■ Recorded information:
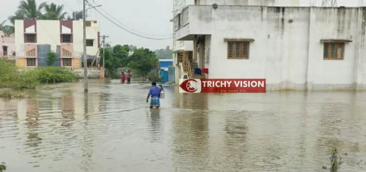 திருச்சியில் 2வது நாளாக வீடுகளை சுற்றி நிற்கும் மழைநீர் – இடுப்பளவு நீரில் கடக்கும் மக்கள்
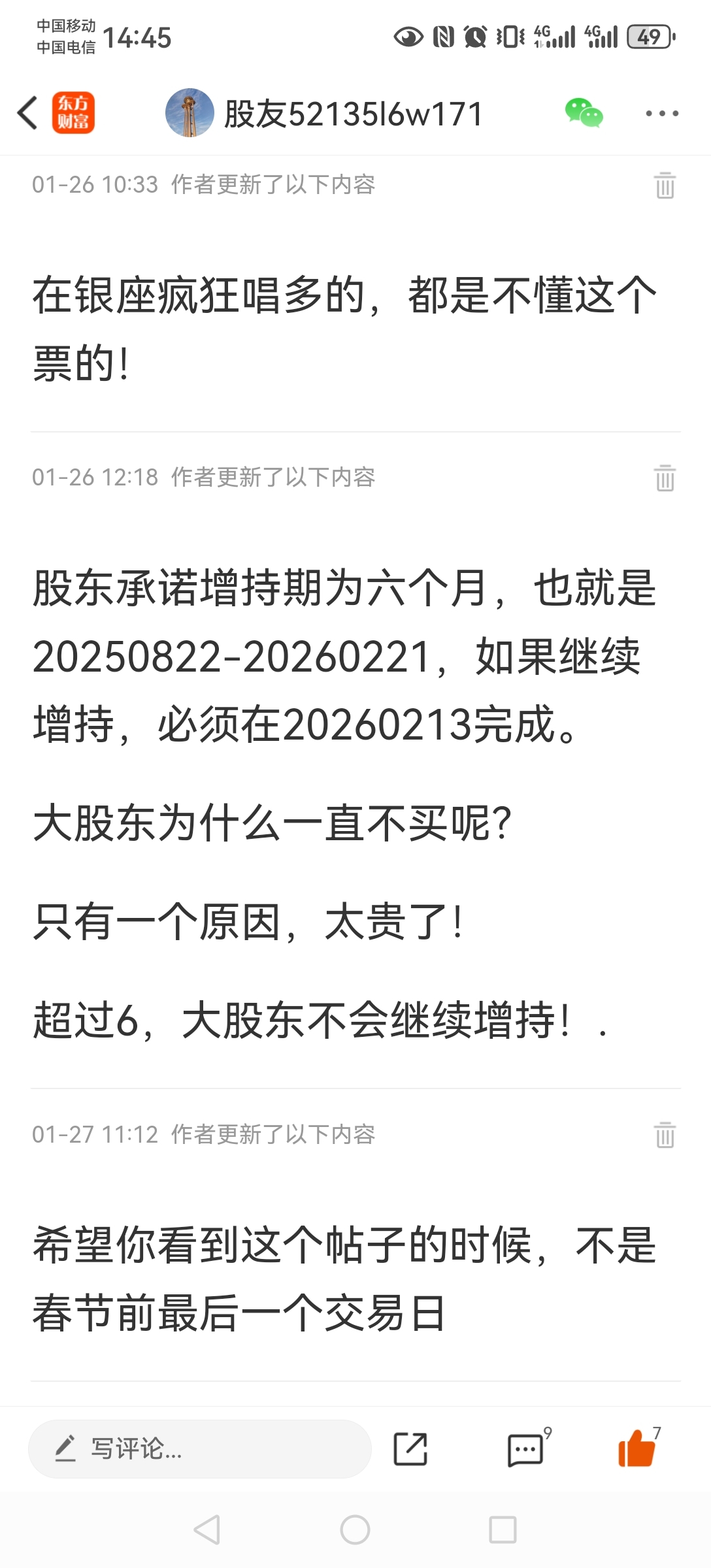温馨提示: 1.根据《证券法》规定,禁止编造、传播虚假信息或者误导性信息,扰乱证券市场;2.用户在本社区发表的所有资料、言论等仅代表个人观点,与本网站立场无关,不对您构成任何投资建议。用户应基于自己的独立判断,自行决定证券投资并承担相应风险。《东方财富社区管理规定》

* * *

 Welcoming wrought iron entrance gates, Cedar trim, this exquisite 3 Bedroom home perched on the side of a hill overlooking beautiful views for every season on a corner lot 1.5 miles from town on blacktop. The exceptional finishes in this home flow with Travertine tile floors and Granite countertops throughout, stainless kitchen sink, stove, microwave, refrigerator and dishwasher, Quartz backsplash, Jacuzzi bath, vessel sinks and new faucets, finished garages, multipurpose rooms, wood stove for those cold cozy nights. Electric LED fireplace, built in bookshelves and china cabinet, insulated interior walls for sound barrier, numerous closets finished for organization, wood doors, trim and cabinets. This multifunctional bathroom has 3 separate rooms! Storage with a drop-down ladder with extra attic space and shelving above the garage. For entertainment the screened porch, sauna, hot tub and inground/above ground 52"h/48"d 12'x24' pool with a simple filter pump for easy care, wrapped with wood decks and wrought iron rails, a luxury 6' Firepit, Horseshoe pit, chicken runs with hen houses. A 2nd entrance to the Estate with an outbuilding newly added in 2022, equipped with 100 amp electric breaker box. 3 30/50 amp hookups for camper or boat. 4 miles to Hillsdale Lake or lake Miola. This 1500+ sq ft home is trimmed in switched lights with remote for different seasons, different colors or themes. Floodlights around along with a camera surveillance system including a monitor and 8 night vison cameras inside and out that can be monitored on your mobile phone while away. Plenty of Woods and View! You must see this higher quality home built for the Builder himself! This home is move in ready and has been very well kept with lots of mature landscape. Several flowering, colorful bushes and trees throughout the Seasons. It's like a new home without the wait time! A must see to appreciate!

--

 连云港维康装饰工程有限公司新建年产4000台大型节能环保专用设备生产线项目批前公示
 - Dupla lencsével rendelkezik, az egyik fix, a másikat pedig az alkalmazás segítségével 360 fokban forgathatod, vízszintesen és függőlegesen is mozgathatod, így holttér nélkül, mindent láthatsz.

■ Directions: Copy out exactly the lines above beginning with the line that contains "திருச்சியில் 2வது நாளாக" and finishing with the line that contains "温馨提示: 1.根据《证券法", including both; leave the pictures out.

■ Worked solution:
 திருச்சியில் 2வது நாளாக வீடுகளை சுற்றி நிற்கும் மழைநீர் – இடுப்பளவு நீரில் கடக்கும் மக்கள்
温馨提示: 1.根据《证券法》规定,禁止编造、传播虚假信息或者误导性信息,扰乱证券市场;2.用户在本社区发表的所有资料、言论等仅代表个人观点,与本网站立场无关,不对您构成任何投资建议。用户应基于自己的独立判断,自行决定证券投资并承担相应风险。《东方财富社区管理规定》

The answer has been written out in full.